Katatonia – City Burials Review

Peaceville Records

After taking most of 2018 off, Swedish melancholic metal stars Katatonia returned to work last year, and the results of those efforts are here in the band’s eleventh offering, City Burials. True to form, the quintet delivers a set of emotional, glistening dark prog, but this time around with a few classic heavy metal embellishments.

As we have come to expect, the subject matter of City Burials is somewhat gloomy. Songs of course deal primarily with sadness, emotional fragility, and the idea that memories are actually losses, or buried moments of the past. Co-founder and singer Jonas Renske delivers these lyrics with the emotional heft that is his trademark, his deep voice reverberating with a mix of yearning and wistfulness.

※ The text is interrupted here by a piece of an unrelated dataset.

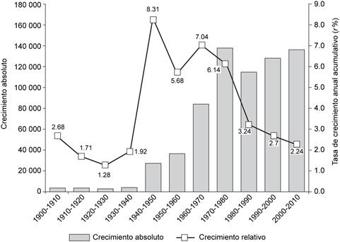 Gráfica 1: Incremento poblacional, en cifras absolutas y relativas (tasa de crecimiento anual acumulativo)

Despite the songs on City Burials being written almost completely by Renske, Katatonia sound like a vital and invigorated band. The two newest members – Daniel Moilanen on drums and Roger Ojersson on guitar – bring an energy that belies the band’s introspective nature. Moilanen played on 2016’s The Fall of Hearts, and Ojersson contributed some solos on it, but they’ve each had a few years to develop additional chemistry. Moilanen is capable of a subtlety not often found in drummers, and Ojersson brings energetic chops to the table that are welcome additions to the songs.

“Heart Set to Divide” is a majestic opener, pure Katatonia, larger than life and apocalyptic in nature. It sets the tone for the album, awash in keyboards and airy vocals for nearly two minutes, until the band enters with progressive metal riffing. The song subtly drifts in and out, with plenty of soft and heavy dynamics, and we are immediately drawn into the album.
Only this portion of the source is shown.